To reveal the crystallographic orientation dependence of material removal in the nanoscratching, three commercially-provided single crystalline copper samples with different surface orientations of (010), (110) and (111) are considered. The 2θ-diffraction angles obtained from the X-Ray diffraction for the (010)-, (110)- and (111)-oriented single crystalline copper are 50.4, 43.36 and 74.18^。, respectively. All the three copper samples have the same dimension of 10 mm × 10 mm × 1 mm, and the measured surface roughness (R_a) is less than 5 nm. For each sample, six normal loads (20.6, 28.9, 37.2, 45.4, 53.7 and 61.9 μN) are considered.

2.2 Simulations

In addition to the nanoscratching experiments, MD simulations of load-controlled multi-passes nanoscratching of single crystalline Cu(010), (110) and (111) surfaces are also performed by using the LAMMPS code with an integration timestep of 1 femtosecond [27]. Fig 1(C) presents the MD model of the nanoscratching, which consists of a copper sample and a triangular pyramidal diamond probe. Each sample has a dimension of 28 nm, 7 nm and 14 nm in X, Y and Z directions, respectively. Periodic boundary conditions are only applied in lateral X and Z directions, and the bottom of the sample along Y direction is fixed in space. The atomic interactions in copper sample are described by an EAM potential developed for Cu [28], and the interactions between carbon atoms and copper atoms are described by the Morse potential [29].

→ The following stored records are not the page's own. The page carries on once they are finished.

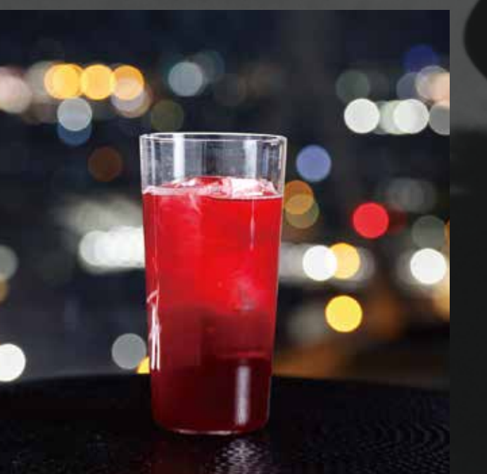
青森カシスを使った カシストニック ¥1,500-
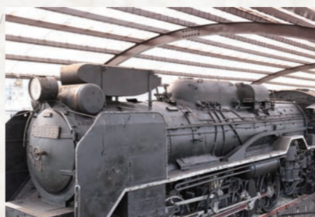
煙突に取り付けられた集煙装置

装置は、上部に蓋があつて開閉でき、普段は蓋を開けた状態で煙を上方に排出させますが、トンネル内では蓋を閉めて後方に排出させ、煙が充満しないようにして、乗務員が一酸化炭素中毒になるのを防ぎます。
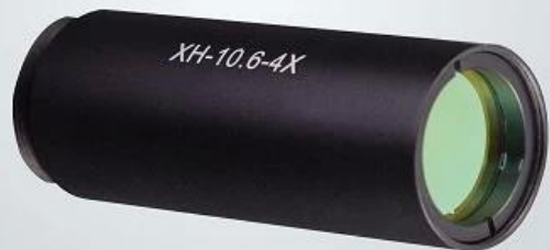
CO2 beam expander
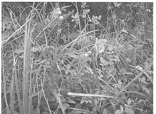
Platycodon grandiflorum キキョウ
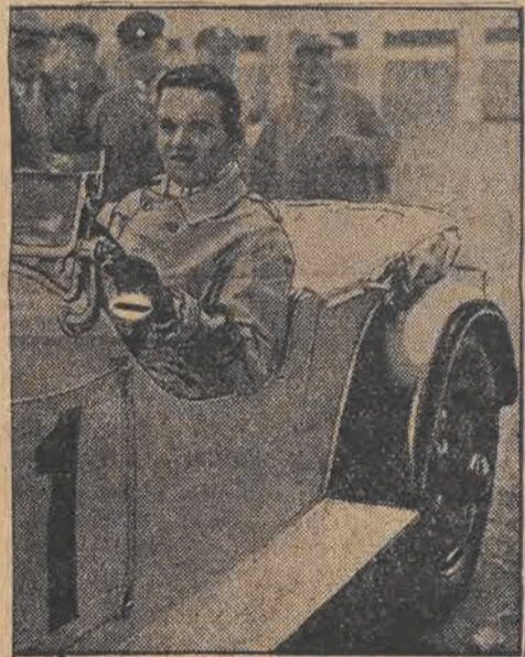
W Belfast, w Irlandji odbył się w tych dniach międzynarodowy wyścig samochodów. Zwyciężył Włoch Rudolf Caracciola, na wozie wyścigowym Mercedes-Benz.

Prior to the nanoscratching, the as-created samples are first equilibrated at 30 K in the NVT (constant number of atoms, volume and temperature) ensemble for 50 ps. Then the relaxed sample is subjected to the nanoscratching in the NVT ensemble at 30 K. The relative low temperature of 30 K is used to eliminate thermal effect on the nanoscratching [30]. To be consistent with experimental configuration, the multi-passes nanoscratching simulation also consists of three phases, as initial penetration along negative Y direction, following scratching along negative X direction and final retraction to its initial position before penetration, respectively. Both the penetration and scratching are carried out in the load-controlled mode by applying constant normal load on the probe. In the first phase of penetration with a duration of 20 ps, a normal load of 56 nN is applied to the probe. In the following scratching phase the constant normal load is maintained, while the probe scratches 16 nm on the sample surface with constant velocity of 100 m/s. In the final phase of retraction the applied normal load is fully released, and the probe first moves upwards along positive Y direction for 4 nm, and then return to its initial position along positive X direction. To make the computational time reasonable, a relative high scratching velocity is used in the present MD simulations, given the intrinsic limitation of the integration timestep to be in the order of the magnitude of fs. The common neighbor analysis (CNA) is employed to distinguish different types of defects generated in the samples [31]. The Ovito is utilized to visualize MD data and generate MD snapshots [32].

Results and Discussion

3.1 Mechanisms of multi-passes nanoscratching

Fig 2(A)–2(C) present AFM images of machined surface morphologies of single crystalline Cu(010) after the 1st, 2nd and 3rd scratching passes under a normal load of 37.2 μN, respectively. For each scratching pass, the scratching direction is the same as [100]. Fig 2(D) further quantitatively characterizes the profiles of multi-passes nanoscratching-induced grooves. It is found from Fig 2 that for each scratching pass, there is V-shaped groove formed on the sample surface, and the accumulation of surface pile-up mainly resides on the left side of the groove. Fig 2(D) demonstrates that for each scratching pass, either height or volume of the surface pile-up is larger than that of the groove, indicating that the material removal is primarily achieved through accumulation of surface pile-up, rather than formation of chips [33–34]. Fig 2(D) also suggests that the influence of scratching pass on the groove profile is not trivial. With the increase of scratching pass number, both the height of surface pile up and the depth of groove increase.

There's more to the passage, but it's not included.